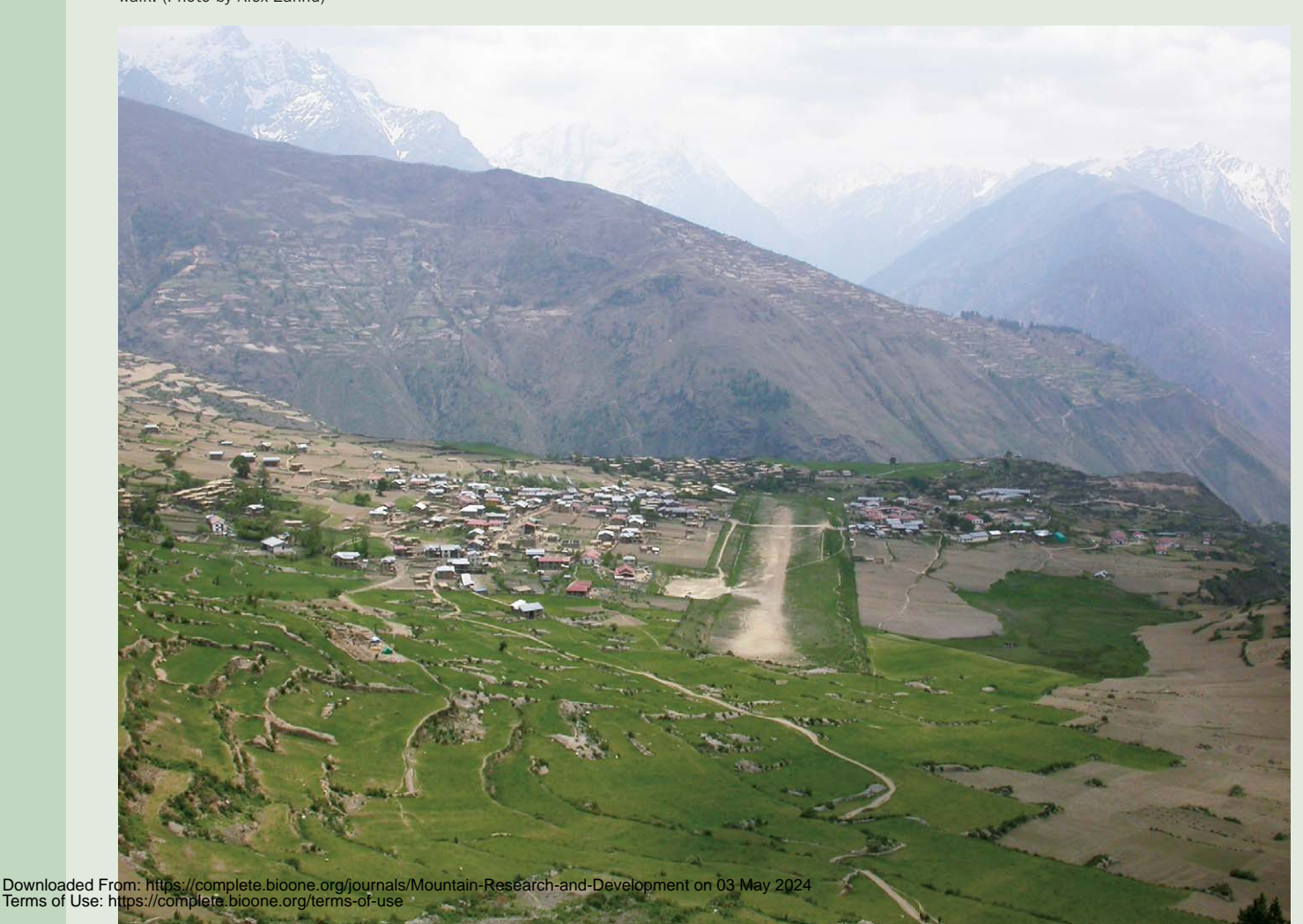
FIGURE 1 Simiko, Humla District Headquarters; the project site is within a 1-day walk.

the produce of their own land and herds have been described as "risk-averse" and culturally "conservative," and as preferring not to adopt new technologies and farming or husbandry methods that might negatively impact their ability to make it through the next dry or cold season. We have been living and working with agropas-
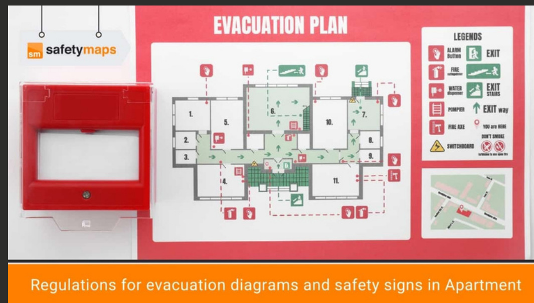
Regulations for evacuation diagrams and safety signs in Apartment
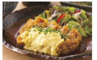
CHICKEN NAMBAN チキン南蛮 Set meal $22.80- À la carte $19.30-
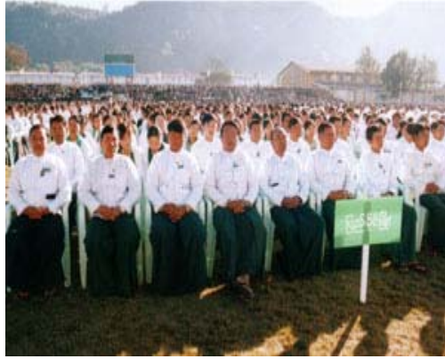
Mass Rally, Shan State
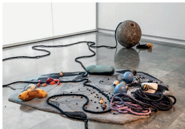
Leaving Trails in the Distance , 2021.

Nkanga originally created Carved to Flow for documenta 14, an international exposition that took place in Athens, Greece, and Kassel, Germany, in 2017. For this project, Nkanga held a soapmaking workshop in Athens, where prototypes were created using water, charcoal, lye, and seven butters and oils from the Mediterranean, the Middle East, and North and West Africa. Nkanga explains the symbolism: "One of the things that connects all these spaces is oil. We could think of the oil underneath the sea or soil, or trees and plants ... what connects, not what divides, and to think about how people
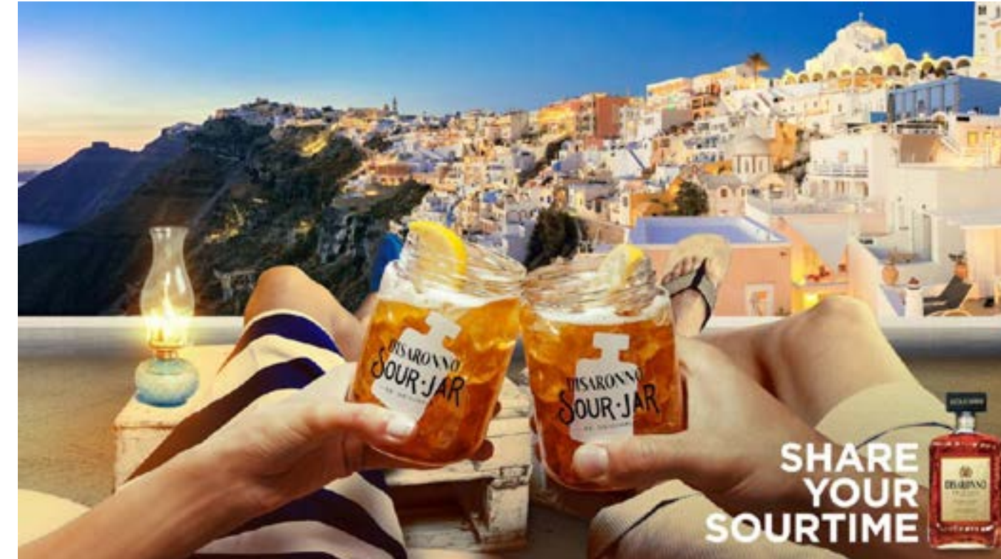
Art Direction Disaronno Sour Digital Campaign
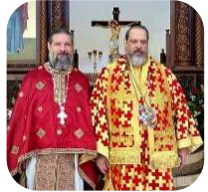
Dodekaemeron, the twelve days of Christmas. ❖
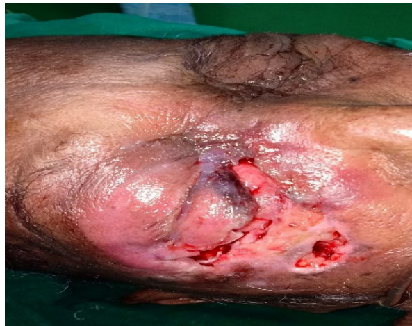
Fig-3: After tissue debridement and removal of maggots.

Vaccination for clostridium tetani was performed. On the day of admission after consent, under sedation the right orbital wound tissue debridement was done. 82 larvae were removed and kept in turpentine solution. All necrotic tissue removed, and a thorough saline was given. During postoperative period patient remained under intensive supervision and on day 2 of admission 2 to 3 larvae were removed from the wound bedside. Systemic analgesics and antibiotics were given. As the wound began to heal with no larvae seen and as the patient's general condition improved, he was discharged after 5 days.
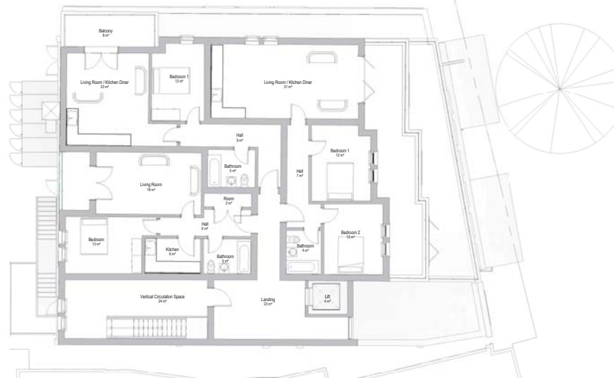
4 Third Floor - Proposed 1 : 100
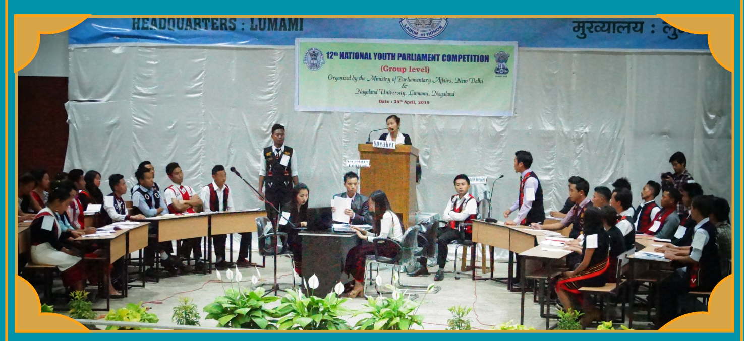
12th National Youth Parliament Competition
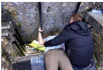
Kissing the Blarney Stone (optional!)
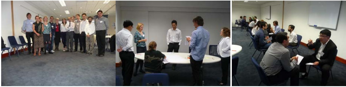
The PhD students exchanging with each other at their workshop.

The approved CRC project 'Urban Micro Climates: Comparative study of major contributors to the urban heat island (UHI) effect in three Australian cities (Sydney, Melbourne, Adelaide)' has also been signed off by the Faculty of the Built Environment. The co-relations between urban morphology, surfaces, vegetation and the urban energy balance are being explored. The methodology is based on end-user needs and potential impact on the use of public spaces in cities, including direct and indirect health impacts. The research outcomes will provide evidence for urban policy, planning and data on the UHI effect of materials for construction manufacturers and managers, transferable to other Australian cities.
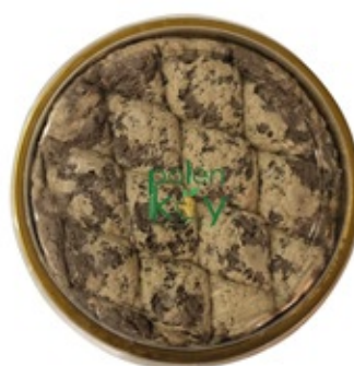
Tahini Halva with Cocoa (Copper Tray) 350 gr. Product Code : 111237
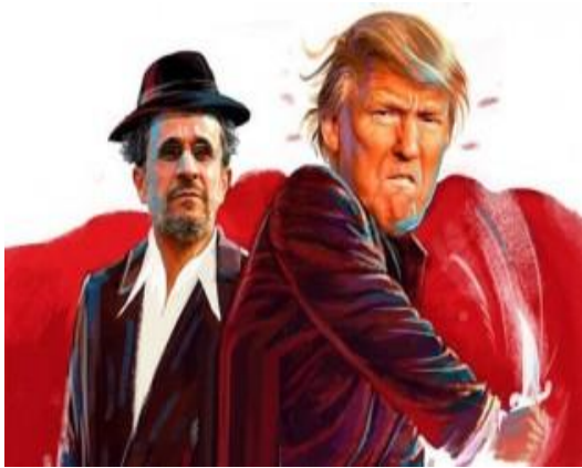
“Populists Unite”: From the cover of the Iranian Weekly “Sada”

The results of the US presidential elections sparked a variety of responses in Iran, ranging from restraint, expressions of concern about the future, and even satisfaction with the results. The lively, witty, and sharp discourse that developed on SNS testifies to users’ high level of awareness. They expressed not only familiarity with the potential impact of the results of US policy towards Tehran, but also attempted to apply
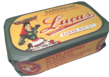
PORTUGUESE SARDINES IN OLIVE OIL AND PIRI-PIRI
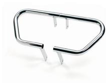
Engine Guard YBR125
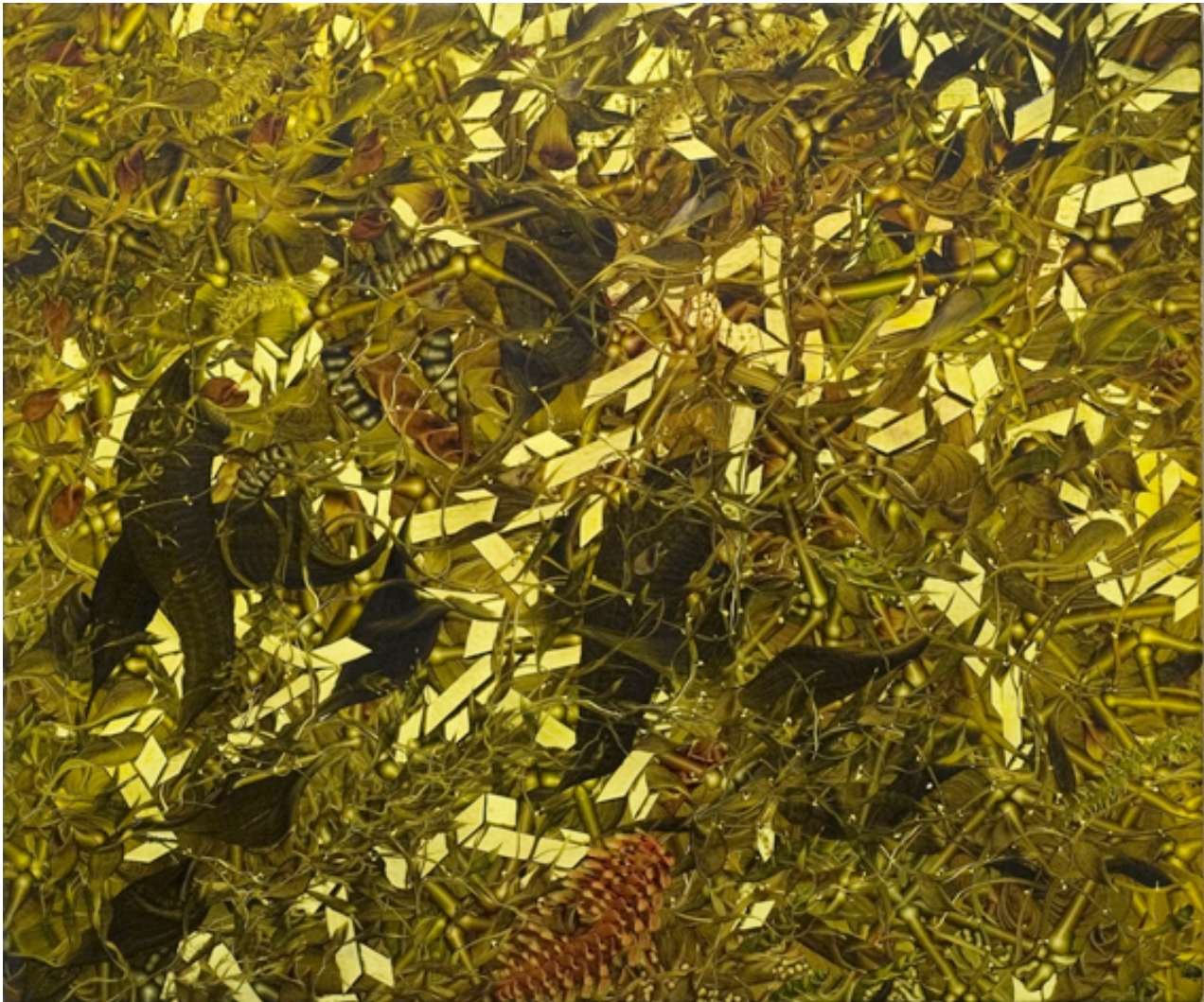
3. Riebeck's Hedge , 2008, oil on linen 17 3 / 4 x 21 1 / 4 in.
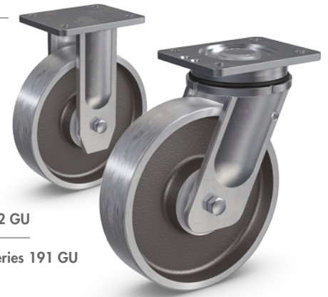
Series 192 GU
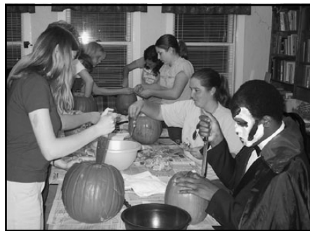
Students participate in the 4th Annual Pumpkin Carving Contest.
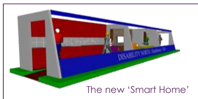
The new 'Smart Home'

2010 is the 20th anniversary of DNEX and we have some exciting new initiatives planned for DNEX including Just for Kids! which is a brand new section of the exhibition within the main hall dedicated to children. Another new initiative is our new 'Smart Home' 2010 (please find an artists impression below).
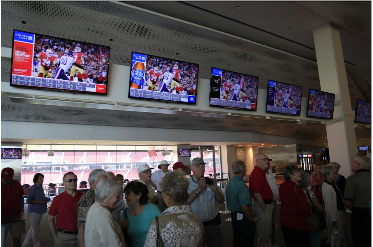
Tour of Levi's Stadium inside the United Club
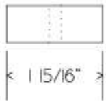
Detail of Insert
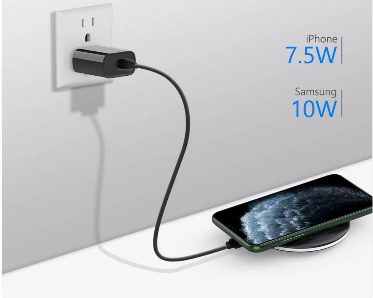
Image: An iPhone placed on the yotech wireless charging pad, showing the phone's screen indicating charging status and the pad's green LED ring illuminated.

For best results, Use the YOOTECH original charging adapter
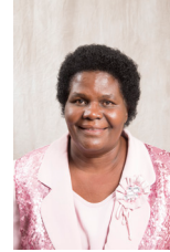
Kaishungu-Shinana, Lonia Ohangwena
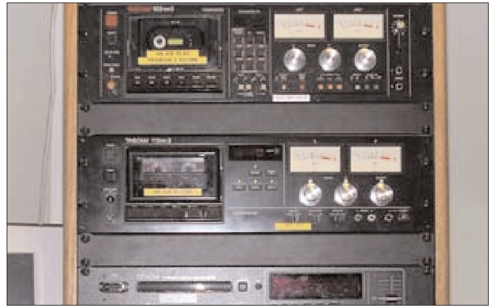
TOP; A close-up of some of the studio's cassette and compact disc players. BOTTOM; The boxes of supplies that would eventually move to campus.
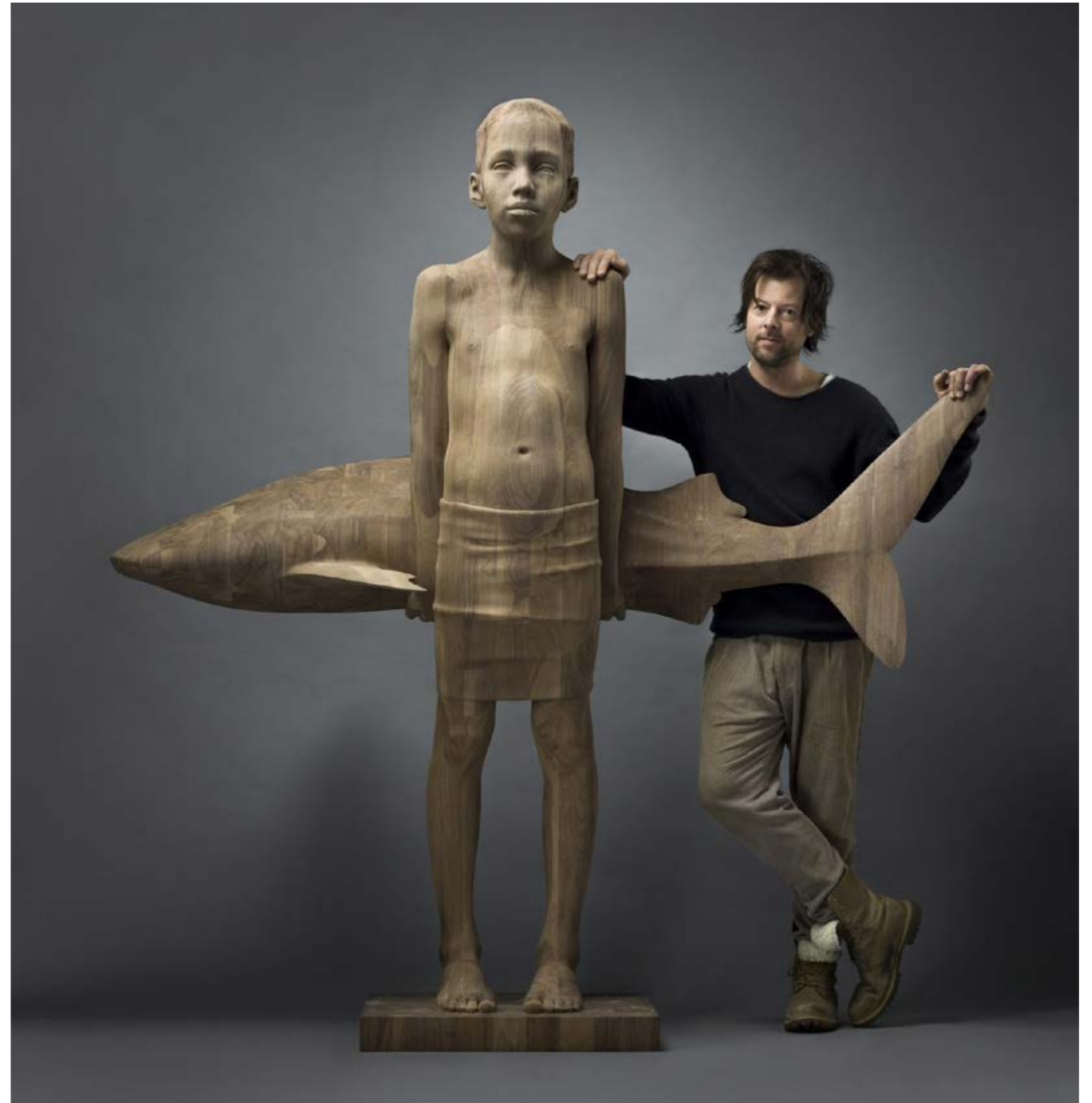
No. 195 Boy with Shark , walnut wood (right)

* [WHAT NEEDS TO BE DONE]: Go through the data and count every line where the word "charging" appears. Give only that count.

* [OUTPUT FOR THIS EXERCISE]: 2